◆ **WHAT IS NEEDED**: Below are some records. Retype exactly the lines from the one containing "unidad) ⭐ 🌟" through the one containing "Asciugatrice a pompa", both included, skipping every picture.

◆ **EXERCISE INPUTS**:
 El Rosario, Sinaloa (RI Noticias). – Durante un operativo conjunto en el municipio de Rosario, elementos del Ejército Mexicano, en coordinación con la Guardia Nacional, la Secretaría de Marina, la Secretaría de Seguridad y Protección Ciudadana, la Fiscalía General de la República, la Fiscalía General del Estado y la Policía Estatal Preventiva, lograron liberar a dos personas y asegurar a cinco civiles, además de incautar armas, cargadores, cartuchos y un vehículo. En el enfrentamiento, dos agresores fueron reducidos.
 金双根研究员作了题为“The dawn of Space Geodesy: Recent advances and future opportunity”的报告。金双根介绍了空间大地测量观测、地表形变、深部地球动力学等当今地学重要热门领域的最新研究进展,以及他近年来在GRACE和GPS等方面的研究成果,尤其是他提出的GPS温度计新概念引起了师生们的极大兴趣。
--
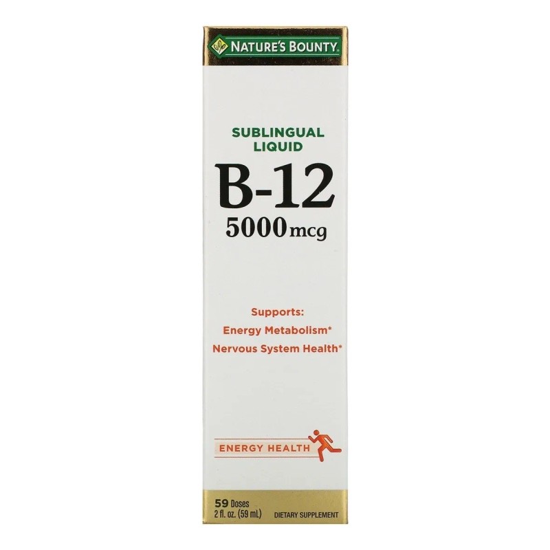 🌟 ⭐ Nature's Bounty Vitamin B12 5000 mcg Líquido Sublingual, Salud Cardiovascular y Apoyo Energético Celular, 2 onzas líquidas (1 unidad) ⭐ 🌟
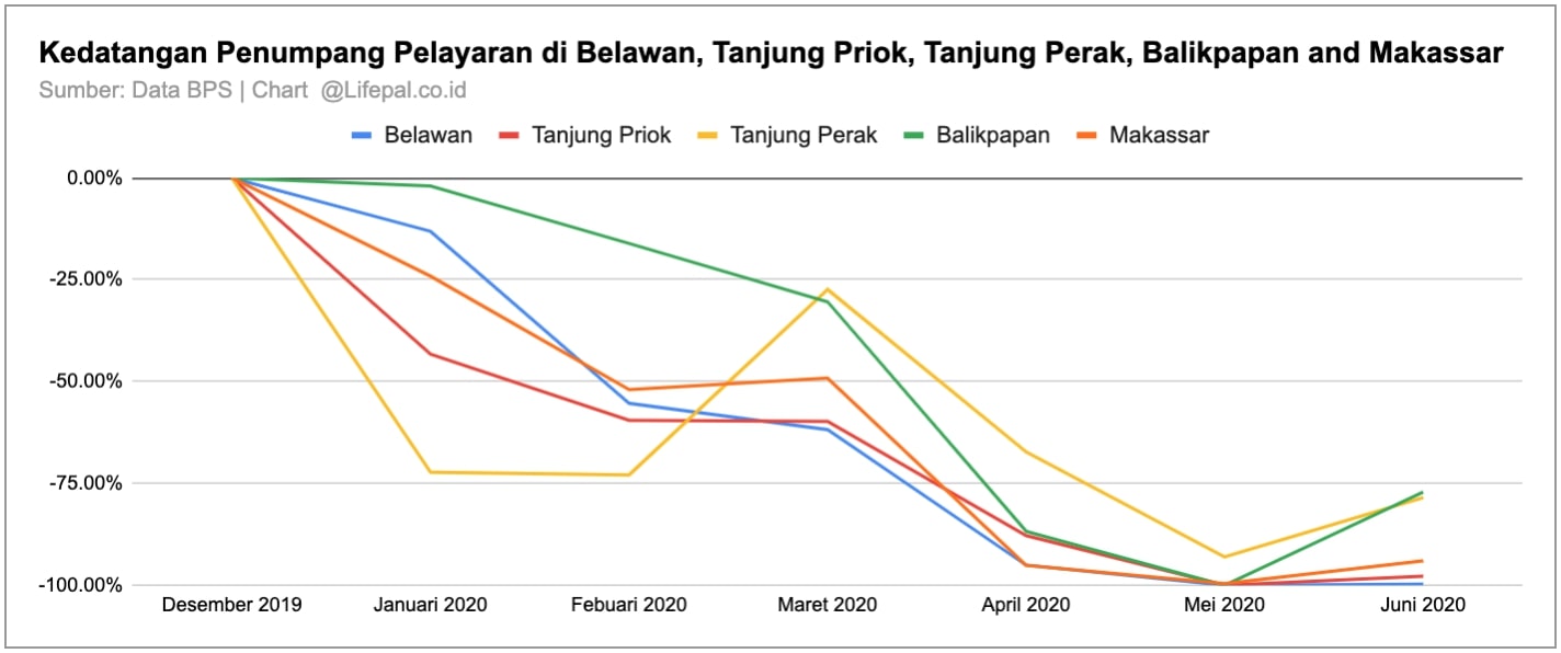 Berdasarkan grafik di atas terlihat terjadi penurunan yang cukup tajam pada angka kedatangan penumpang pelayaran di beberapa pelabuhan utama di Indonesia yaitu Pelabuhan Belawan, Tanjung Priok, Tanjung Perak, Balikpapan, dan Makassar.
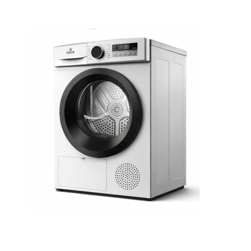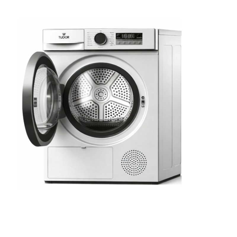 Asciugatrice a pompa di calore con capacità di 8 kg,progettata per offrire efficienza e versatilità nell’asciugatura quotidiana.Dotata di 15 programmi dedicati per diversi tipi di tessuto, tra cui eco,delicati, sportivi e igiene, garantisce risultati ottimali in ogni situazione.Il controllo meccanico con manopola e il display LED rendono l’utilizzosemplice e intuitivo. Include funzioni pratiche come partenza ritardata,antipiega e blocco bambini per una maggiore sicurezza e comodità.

◆ **SOLUTION TO THIS PROBLEM**:
 🌟 ⭐ Nature's Bounty Vitamin B12 5000 mcg Líquido Sublingual, Salud Cardiovascular y Apoyo Energético Celular, 2 onzas líquidas (1 unidad) ⭐ 🌟
 Berdasarkan grafik di atas terlihat terjadi penurunan yang cukup tajam pada angka kedatangan penumpang pelayaran di beberapa pelabuhan utama di Indonesia yaitu Pelabuhan Belawan, Tanjung Priok, Tanjung Perak, Balikpapan, dan Makassar.
 Asciugatrice a pompa di calore con capacità di 8 kg,progettata per offrire efficienza e versatilità nell’asciugatura quotidiana.Dotata di 15 programmi dedicati per diversi tipi di tessuto, tra cui eco,delicati, sportivi e igiene, garantisce risultati ottimali in ogni situazione.Il controllo meccanico con manopola e il display LED rendono l’utilizzosemplice e intuitivo. Include funzioni pratiche come partenza ritardata,antipiega e blocco bambini per una maggiore sicurezza e comodità.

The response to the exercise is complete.